Le 23 juin, je découvre avec tristesse la femelle privée de sa queue. C’est peut-être à cause des accouplements, réputés sportifs chez les lézards ? Mais le suspect numéro un reste le chat domestique. Et contre ce danger, je n’ai malheureusement pas de solution.
Les observations se multiplient ensuite jusqu’à la fin de l’été. Je noterai le passage d’un immature âgé de 1 an et la visite d’une autre femelle non amputée. Je suis fier d’accueillir cette espèce rare et heureux de contribuer à mon échelle à une meilleure cohabitation avec la diversité du vivant.
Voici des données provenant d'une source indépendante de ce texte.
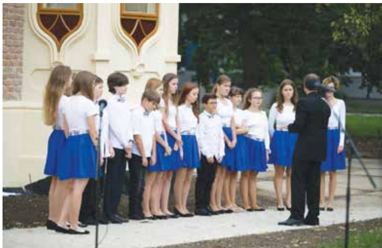
Na úvod slávnostného podujatia zaznela slovenská hymna vo verzii "Dobrovoľnícka" z roku 1844 v podaní speváckeho zboru ZUŠ Senica.

ré z exponátov si pomocou pohybu svojich rúk prezerá zväčšené vo virtuálnej priestore, volí si typ informácií, ktoré chce získať.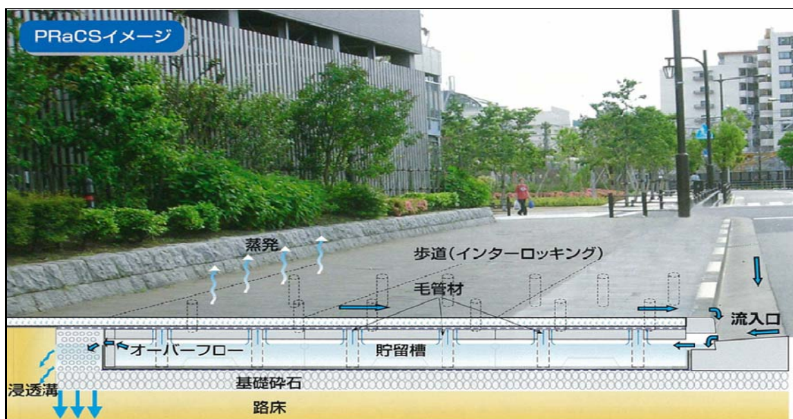
図1 プラックスの構造及び機能イメージ

Vivement le printemps prochain !
3 faits à connaître sur le lézard vert
Rester au chaud
Le lézard vert est désormais appelé lézard à deux raies en France, où il est répandu au sud d’une ligne Brest-Besançon. Au nord de cet axe, le reptile est soit absent, soit sévèrement contraint par les conditions climatiques. Il se réfugie alors à très basse altitude et sur les secteurs bien exposés. En Suisse, Lacerta bilineata est classé vulnérable sur la liste rouge et se cantonne dans la frange méridionale du pays.
Bon à croquer
Le lézard vert est un prédateur qui se régale d’insectes comme les coléoptères, criquets, sauterelles ou encore chenilles non poilues. Cloportes, araignées, petits mollusques et lombrics sont également capturés. Plus rarement, le reptile jette son dévolu sur des lézardeaux – y compris de sa propre espèce ! – ou des nouveau-nés de micromammifères.
Zone à défendre
Le territoire des lézards verts s’étend de 200 à 1 200 m2 selon les conditions. Le mâle, très sédentaire, défend ardemment son domaine vital et peut s’accoupler avec plusieurs femelles. On observe parfois une hiérarchie parmi ces dernières. Deux pontes sont possibles dans l’année : une fin mai et la seconde fin juin. Les 5 à 15 œufs sont pondus dans le sol et ne sont pas incubés par les parents. L’éclosion a lieu après cinquante à cent jours.